··· SOURCE RECORDS

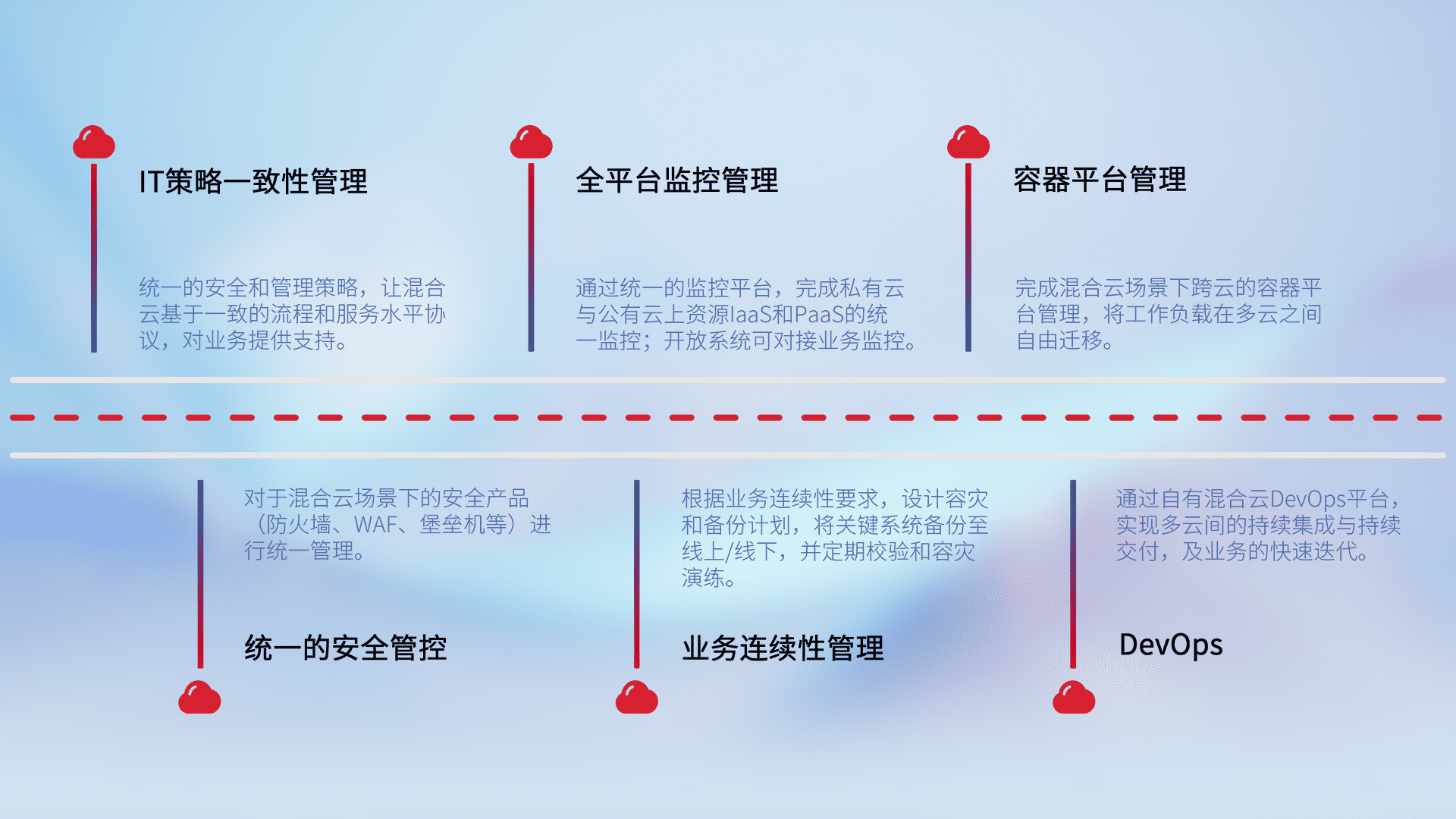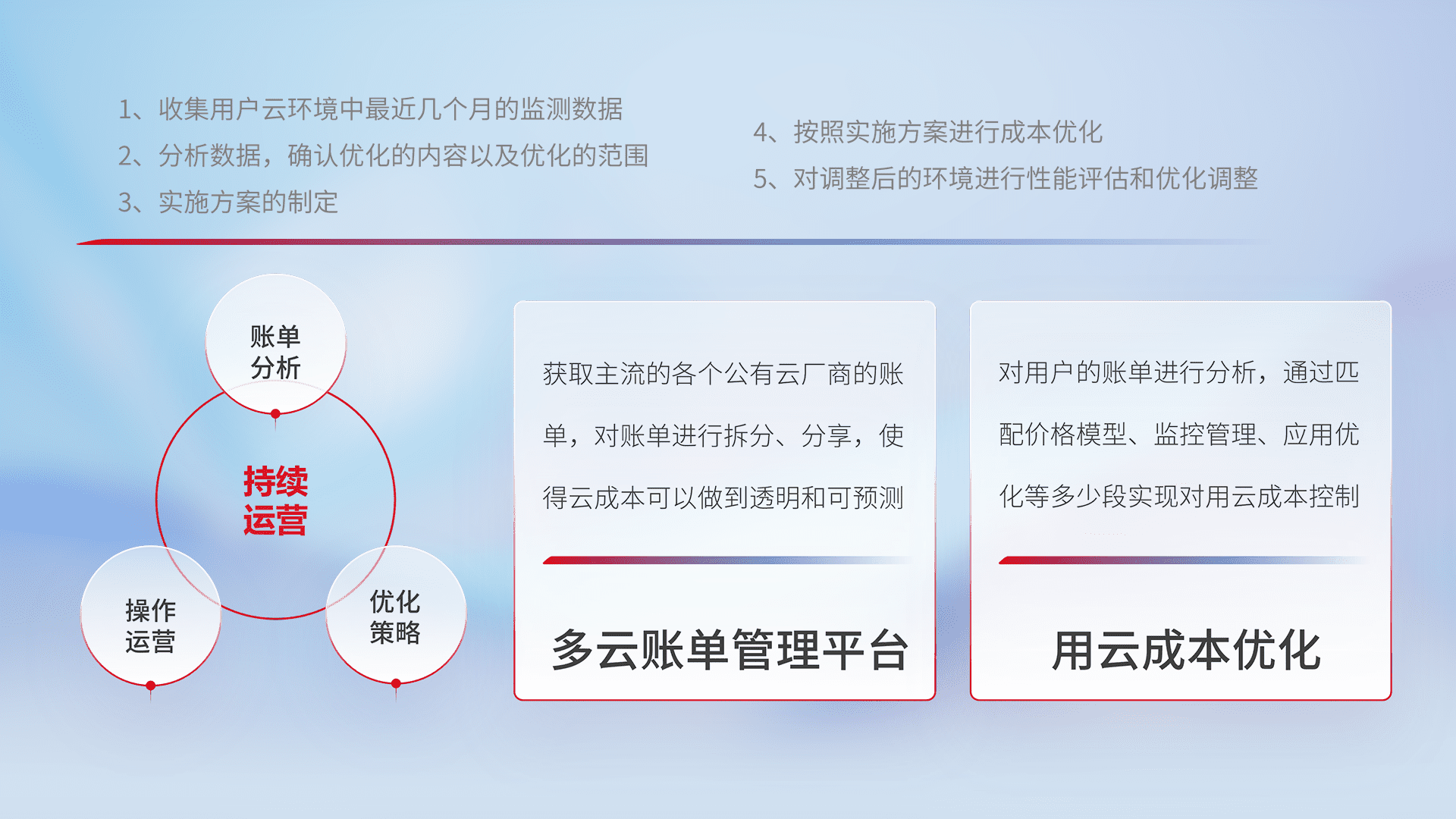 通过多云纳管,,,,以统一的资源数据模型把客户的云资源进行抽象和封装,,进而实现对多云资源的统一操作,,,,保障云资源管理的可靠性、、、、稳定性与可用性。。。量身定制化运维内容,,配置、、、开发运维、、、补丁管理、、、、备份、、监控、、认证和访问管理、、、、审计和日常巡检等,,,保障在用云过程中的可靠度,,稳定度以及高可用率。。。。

······
··· SOURCE RECORDS

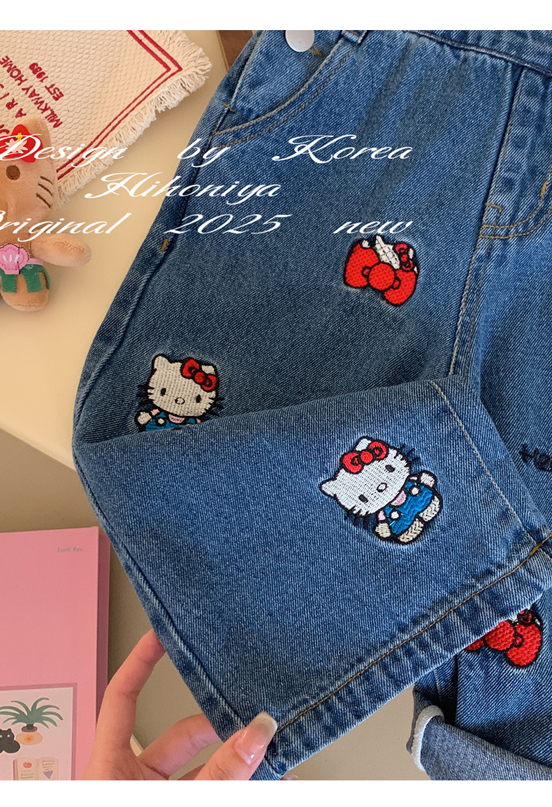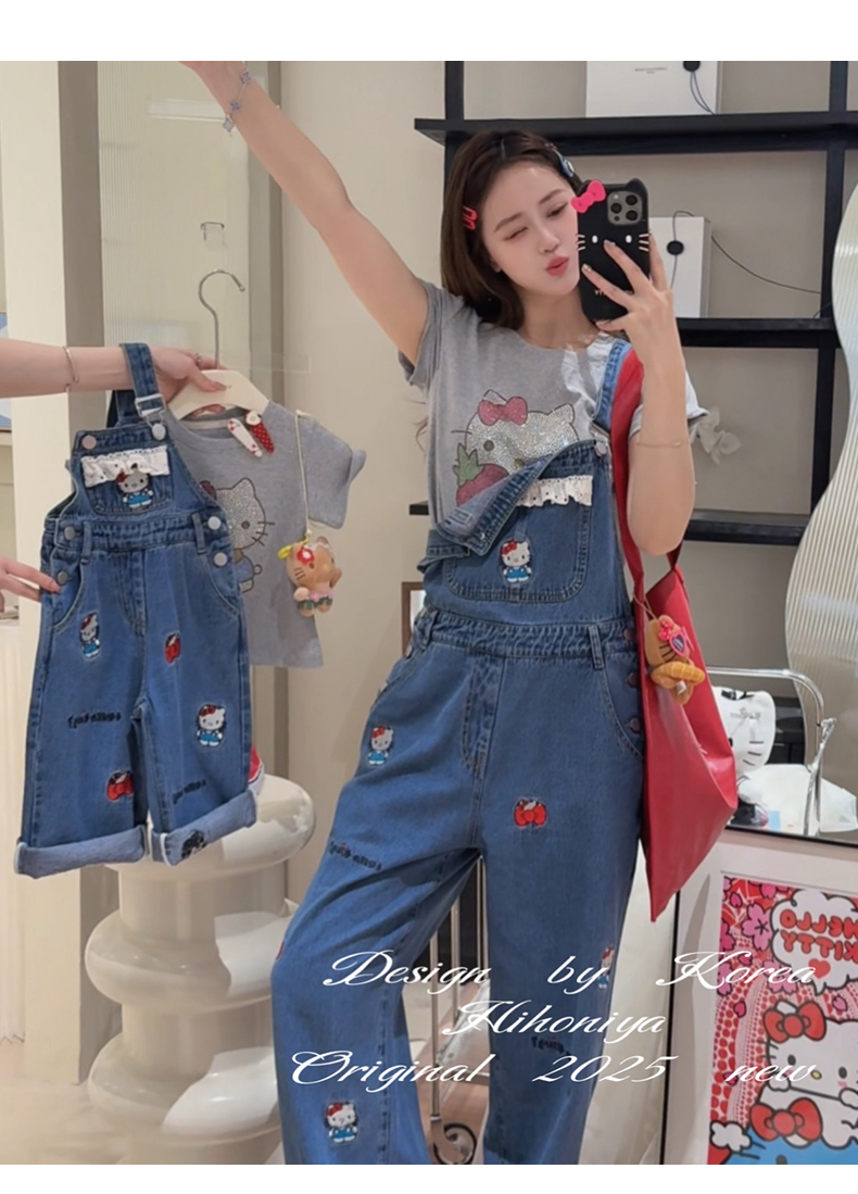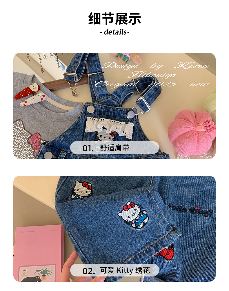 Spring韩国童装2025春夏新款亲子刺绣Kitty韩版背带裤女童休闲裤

······
··· SOURCE RECORDS

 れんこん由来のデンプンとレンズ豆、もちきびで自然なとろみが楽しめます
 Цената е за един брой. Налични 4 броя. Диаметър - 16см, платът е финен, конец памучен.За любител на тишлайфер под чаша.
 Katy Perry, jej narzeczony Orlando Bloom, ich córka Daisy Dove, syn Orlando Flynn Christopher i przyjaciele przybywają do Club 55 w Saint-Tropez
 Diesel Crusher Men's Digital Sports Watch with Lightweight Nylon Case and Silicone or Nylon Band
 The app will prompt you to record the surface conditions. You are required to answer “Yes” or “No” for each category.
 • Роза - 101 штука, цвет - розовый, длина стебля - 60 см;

······

*WHAT THE TASK ASKS:* The answer is the lines above between the line holding "Diesel Crusher Men's" and the line holding "стебля - 60 см;", inclusive, each written out exactly, and no others.

*TASK RESPONSE:*
 Diesel Crusher Men's Digital Sports Watch with Lightweight Nylon Case and Silicone or Nylon Band
 The app will prompt you to record the surface conditions. You are required to answer “Yes” or “No” for each category.
 • Роза - 101 штука, цвет - розовый, длина стебля - 60 см;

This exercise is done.